Chereads / My Psychopath Teacher / Chapter 9 - Aneh

Chapter 9 - Aneh

Putih.

Bau ruangan yang terkesan hampa dan dingin.

Terang, dengan suasana yang gelap.

Jena akan selalu mengingat tiga hal itu saat kakinya menginjakkan rumah ini besok-besok. Nyatanya, sekeras apapun dia menghindar dari Raihan, pria tiga puluh tahun itu akan tetap menariknya ke dalam jurang pikiran pemeras otak yang sering disebut sebagai 'berhitung'.

Jena tak tahu mengapa kegiatan belajar-mengajarnya dilakukan di rumah Raihan? Yang ia tahu, ia sudah terlalu malas untuk berdebat waktu Raihan menetapkan tempat untuk dirinya mengajari Jena Matematika tadi siang. 

Mata Jena memencar.

Jangan pegang apapun.

Suara Raihan menggema di dalam pikirannya begitu matanya melihat sebuah pajangan kepala rusa di dinding ruang tamu. Pria itu meninggalkan Jena sebentar untuk menyiapkan sesuatu yang Jena pikir adalah jamuan untuk dirinya sebagai tamu. Lagi, Jena memutar tubuhnya untuk melihat-lihat pajangan berbentuk hewan yang Raihan tata.

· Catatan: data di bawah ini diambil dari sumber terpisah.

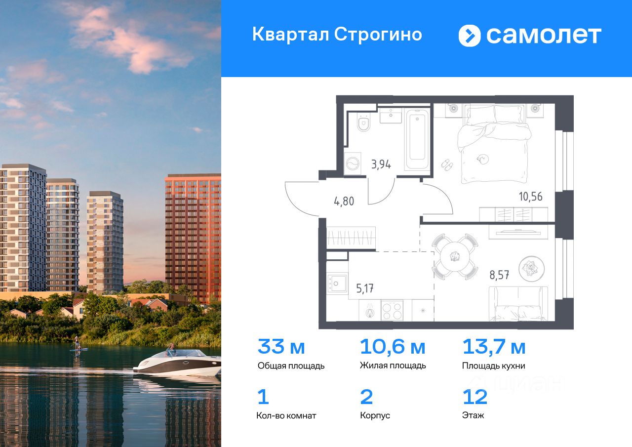 Предлагается 1-комнатная квартира комфорт-класса 33,04 кв.м в корпусе 2 на 12 этаже, в ЖК ''Квартал Строгино'' Квартира с чистовой отделкой. Доступность дополнительных опций уточняйте у застройщика.

"Seram juga koleksi-koleksinya." Jena menatap sebuah kupu-kupu yang diawetkan di dalam botol kaca. "Seperti psikopat," gumamnya. Dengan bahu yang bergidik ngeri. 

Manik mata monolidnya terus mengedar di seluruh ruangan ini. Sejak tadi yang ia temukan hanyalah pajangan-pajangan hewan yang diawetkan. Kemana foto keluarga Raihan?

Apa karena dia tinggal sendiri disini jadi foto keluarga itu tidak ada? Jujur saja, Jena ingin tahu. Bagaimana rupa anggota keluarga lain dari gurunya yang sangat tampan namun aneh ini?

"Cari apa?" celetuk Raihan. Suara beratnya berdengung di seluruh isi ruang tamu. Tangannya membawa sebuah nampan berisi minuman dan camilan. Setelan kerjanya sudah berganti dengan kaus oblong hitam dan celana training. Tampan dan kharismanya seketika menguar saat mata Jena menangkap wajah Raihan yang semakin indah karena rambutnya yang agak berantakan.

Jena tersentak. Ia menetralkan sikapnya dan menggeleng. "Tidak ada. Hanya lihat-lihat."

"Jangan lihat-lihat," ucap Raihan sembari melanjutkan langkahnya ke arah sofa, diikuti Jena.

"Tapi mataku masih berfungsi."

"Cukup lihat apa yang kau lihat. Tak perlu penasaran dengan apa yang tidak kau lihat. Suatu saat kau akan menyesal," balas Raihan. Membuat Jena bungkam seribu bahasa. Apa maksudnya? Apa Raihan tahu kalau Jena mencurigainya?

Jena duduk diseberang Raihan, melirik pria yang sedang merapihkan kertas di atas meja itu takut-takut.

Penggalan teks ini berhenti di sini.